Apply for data
Clinicians, physician epidemiologists or policymakers can request customized data from the Netherlands Cancer Registry (NCR). The data can also be linked to your own patient data (only for patients from the Netherlands). We provide the data in accordance with Dutch privacy regulations and strict terms and conditions.
Each request is checked by both a privacy committee and a scientific committee. In case your request for data concerns a research question for which a prior application has already been approved, IKNL cannot provide you with the data. The procedure from first contact until the delivery of the requested data takes about 6 weeks.
- Healthcare providers (and allied professionals), (clinical) researchers and policy makers may apply for customised data sets from the Netherlands Cancer Registry (NCR).
- Patients, students and other interested parties may consult the publicly accessible NCR data & figures, where you may compile aggregated data on cancer incidence, prevalence, mortality and survival according to cancer localization, province of the Netherlands, patients’ sex and age.

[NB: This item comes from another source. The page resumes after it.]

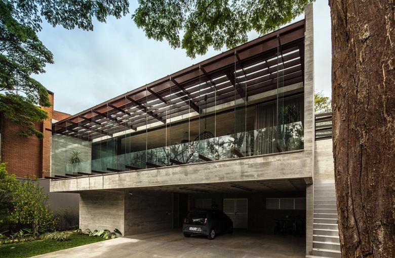 Located in an area of neighborhoods called Jardins, with single-family houses and green areas listed as heritage, this house has 550m2 of built area divided into two levels, the ground and upper floors. The original land had a four-meter slope height in relation to the level of the street.

Please also find our explanation about the data and graphs available.
How is your application for data processed?
The following nine steps outline the procedure according to which data applications are processed:
- An applicant fills out the data application form.
- A consultant from the NCR Analysis department will contact the applicant within 5 working days.
- An application form will be completed in consultation with you, and your application is assigned a reference number.
- The NCR Analysis consultant sends the applicant the completed application formby e-mail.
- The applicant is required to sign the application form and, upon signing, to return the document to the department of NCR Analysis by mail, together with required documents (in case the application concerns data containing identifiable information about individual hospitals, additional signing by a member of all Boards of Directors of all hospitals involved is mandatory. Additional signing is also needed in case data were requested by a non-practitioner working at the hospital).
- The application is reviewed by the NCR’s Supervisory Committee (SC) for the compliance with IKNL objectives as well as national privacy legislation. For several cancer types, data requests for the purpose of conducting scientific research are additionally reviewed by an external scientific committee. This applies to data on oesophageal, stomach, and pancreatic cancer, brain tumours and haematological cancers. Please click: more information on the scientific review procedures.
- If applicable, following a positive advice from the SC, the applicant will receive an offer for the services provided by NCR Analysis to deliver the data. In case of a negative advice from the SC, the applicant may opt to adjust and revaluate the data application.
- If applicable, applicant is asked to sign the offer and return it by email.
- The requested data will be made available to applicant via a secure download environment. If applicable, an invoice is sent to the applicant by email.
The average lead time for data application is approximately 6 weeks (calculated from the date that all signed documents are received by IKNL; documents include the signed application form, approval by the SC and, if applicable, a signed offer).
Linkage with data from third parties
Data from the NCR may be linked to datasets from third parties, like the nationwide network and registry of histo- and cytopathology in the Netherlands (PALGA). Please click: more information on IKNL-PALGA linkages.
A linkage follows the same procedure as described above, with the exception of step 8. In this step, an offer will always be drafted and sent for signing by the applicant (by email). In case IKNL is to perform the linkage with the NCR database, applicants need to submit their data in a fixed format. In case of data linkage, applicants need to consider a longer lead time because of the complexity of the process.